EFFECT: lowered pressure acting upon lower support, reduced mass and size of magnetic support especially in axial direction, increased working length of rotor.

2 cl, 1 dwg

Description

The invention relates to upper magnetic supports of high-speed rotors with a vertical axis of rotation, by which the rotors are held in a vertical position, for example, rotors of energy storage devices, centrifuges, gyroscopes and similar devices.

In the upper bearings of high-speed rotors with a vertical axis of rotation, magnetic bearings are used to reduce the pressure on the lower bearing, increasing the reliability and durability of the bearings. To perform the functions of axial unloading of the lower support and stabilization of the vertical position of the axis of rotation of the rotor, the upper magnetic support must have sufficient axial force of attraction and radial stiffness and have a relatively small mass and dimensions of the rotating elements.

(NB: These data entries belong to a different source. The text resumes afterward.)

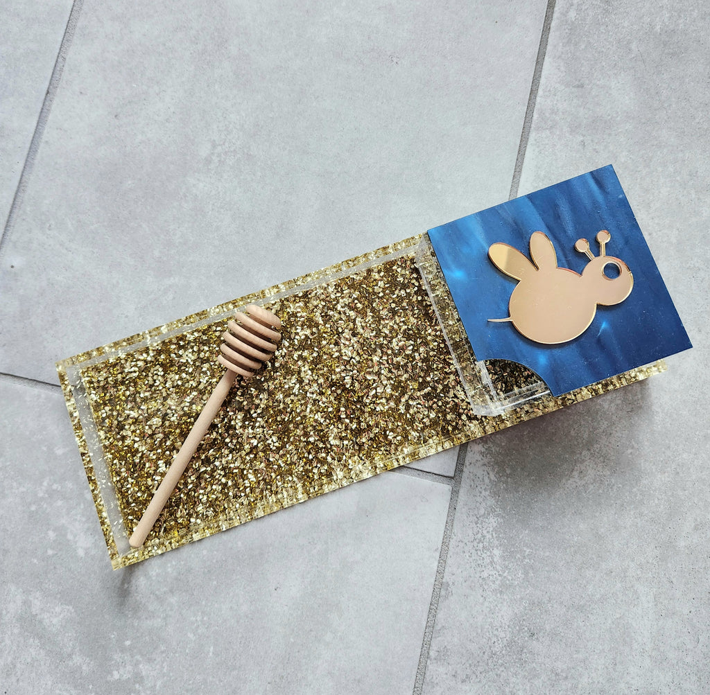 Chunky Gold Apple Tray with Navy and Gold Bee Honey Jar
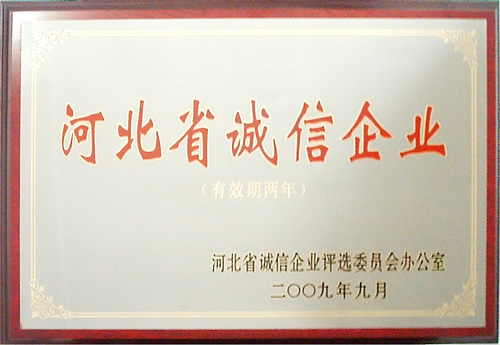 2009年9月,我公司被河北省誠信企業(yè)評選委員會(huì )評為“河北省誠信企業(yè)”,并被收入《河北誠信企業(yè)建設成果集》。證書(shū)及獎牌于近日發(fā)放到公司。
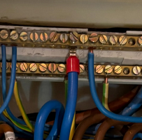 Andere konstruktiv gemeinte Anmerkung. In den UVs dieser Generation finde ich nicht unhäufig Fehler=Schmorbrände durch lockere Verbindungen und dabei ist sehr oft der Neutralleiter im Spiel der mit einer Schraubverbindung auf der Sammelschiene befestigt ist. Du hast oben ggf auch so einen Kandidaten in 16mm².
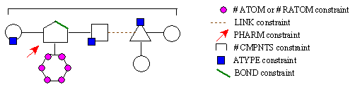 We see here the various constraints RACHEL can employ and how they relate to a given structure. In this hypothetical chemical structure, the geometric shapes represent different components while the lines connecting them correspond to rotatable bonds. The ATOM and RATOM constraints govern how many atoms a particular component can possess. The LINK constraint limits the atom types that can be utilized in rotatable bonds. The PHARM specification signifies that a specific atom type must be present at a precise location in the active site. The #CMPNTS restriction places upper and lower bounds on the total number of components a structure can possess. The ATYPE constraint stipulates how many atoms of a specific type can be present in both individual components as well as the entire structure. The BOND specification places limits on the bonded atom types that can be present within a component. As one can see, this again gives the user a tremendous amount of control over the structures generated by RACHEL.
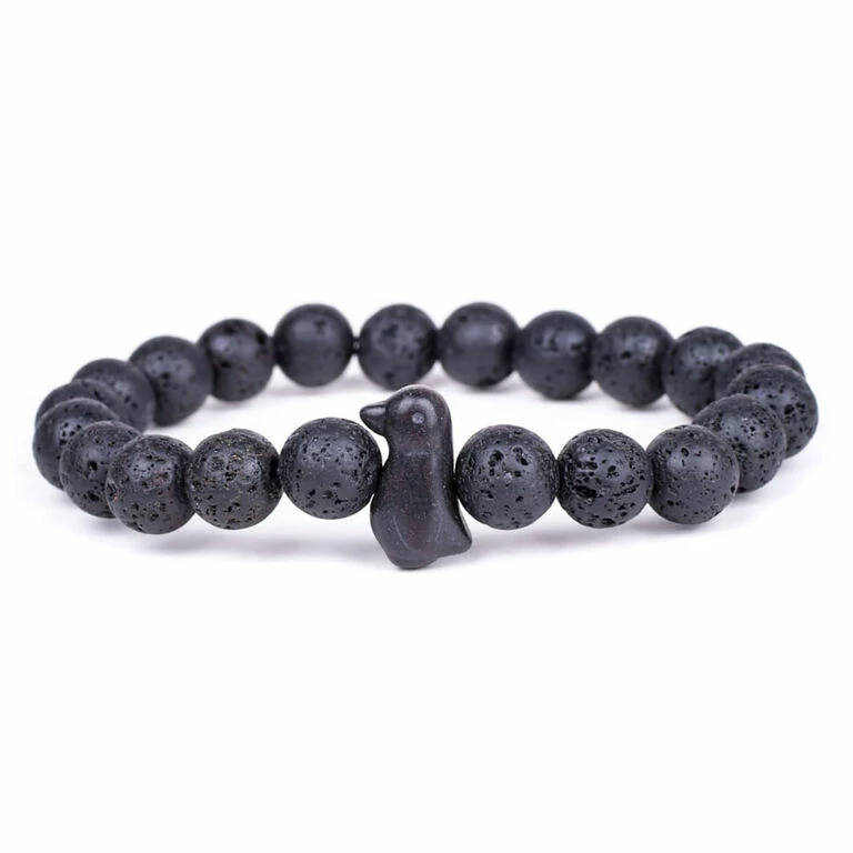 - Stretch bracelet features penguin and blackout stone beads along with an assigned real penguin to track online.

A magnetic support of a rotor rotating around a vertical axis is known, comprising a fixed annular permanent magnet with two pole tips located on the working end, spaced apart in radius and directed downward, and an anchor mounted on the rotor in the form of a sleeve with two ring protrusions responsive to the pole tips having the same dimensions with the pole pieces and axial clearance remote from them. The support is also provided with at least one disk mounted on the rotor between the ring electrical windings to compensate for part of the weight of the rotor and its axial deviations (UK Patent No. 13379987, F 16 C 32/04, publ. 08.01.75).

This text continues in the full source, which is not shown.